Monday, November 2, 2009

The Role of Technology, Emotion, and Social Interaction in Learning

This past week, I’ve learned a lot about the importance of emotion, language, and humour in learning. In addition to reading Daniel Pink’s book, A Whole New Mind, I watched a great video by Patricia Kuhl about the importance of early childhood learning in a child’s language development.

I was so impressed by the research that is being done with infants that shows the importance of socially interacting with an infant between 8-10 months old and using lots of language filled with emotion. What was also intriguing was that plain audio or TV did not produce any noticeable improvements in a child’s language development when a child listened or viewed it. That made me think about how many times we put TV shows on in our daycares thinking the exposure may give children an advantage. But what that research tells us is there is no substitute for human interaction between an adult and child. An emotionless TV or audio player cannot replace human interaction.
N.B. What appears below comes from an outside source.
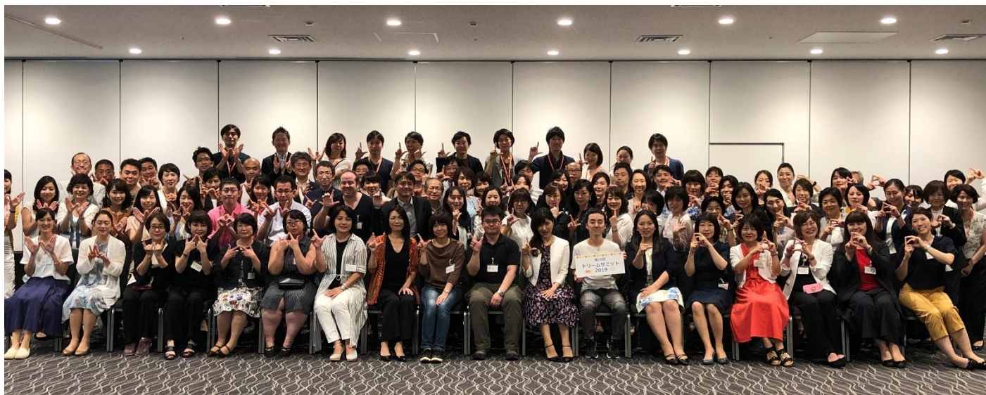
▲全国の認定コンサルタントが集まるドリームサミット（2019年7月）

2006年の創業以来1,000社以上の働き方改革に携わってきた株式会社ワーク・ライフバランス（本社：東京都港区、代表取締役社長：小室淑恵）が2009年より提供する「ワーク・ライフバランスコンサルタント養成講座」が、2021年5月開講の講座で第60期をむかえます。これまでに約1,700名の卒業生を輩出し、全国47都道府県で活躍する彼らの支援を12年にわたり継続しています。2021年7月10日には、ワーク・ライフバランスコンサルタント養成講座を修了し、当社のワーク・ライフバランスコンサルタント制度に加盟した認定コンサルタントを対象にしたドリームサミットを開催、VUCA時代における働き方改革をさらに加速していきます。また、ワーク・ライフバランスコンサルタント養成講座は2025年春までに2,000名の卒業生輩出を目指します。

We are emotional beings that are dependent upon other human beings for growth and development. I was having this conversation with a colleague recently where we mused about what happens to children that are deprived of love and affection during these formative years. This research only scratches the surface about the importance of emotional stimuli in the development of language. But what happens to learning when children are abused or neglected? Do we understand the huge negative impact to learning or brain development in these cases? We have done a great deal to warn of the effects of Fetal Alcohol Syndrome (FAS), but what happens to the brain during early childhood development when they receive little or no affection or lacking feeling the security of a loving home. I have seen children passed from parent to grandparent to aunt to cousin. And we wonder why this child isn’t doing well in school. I’ve seen the negative effects on these students and chalked it up to their social environment, but maybe there is more to it than the living conditions or home life. Maybe something never developed properly for these students during those all important years.

Now I said earlier that research shows virtually no noticeable difference in language development when a child watches TV or listens to audio. This does not mean that technology has no use or purpose in learning. What it does mean is that we need to be more creative in how we use it so that we can effectively transmit human emotion and social interaction. When I go use a tool like ElluminateLive, I still feel the emotion of another person communicating with me with live audio. When I use a webcam on Skype, I can see the facial expressions that accompany a person’s voice or words spoken. So technology can effectively assist in the role of learning, particularly because we can use storytelling that is packed full of emotion and connects another person’s experience with my life. A great example of this was when I viewed a Voicethread of a colleague and friend, Rod Murray about a former student of his, Adam. I’ve added a link to this Voicethread, because it’s a wonderful story and serves as a great example of how storytelling filled with emotion taught me something new about autism and friendship and I learned from the use of this technology.

So emotion and social interaction do serve a purpose in human learning, but so does technology. We just have to be more creatively.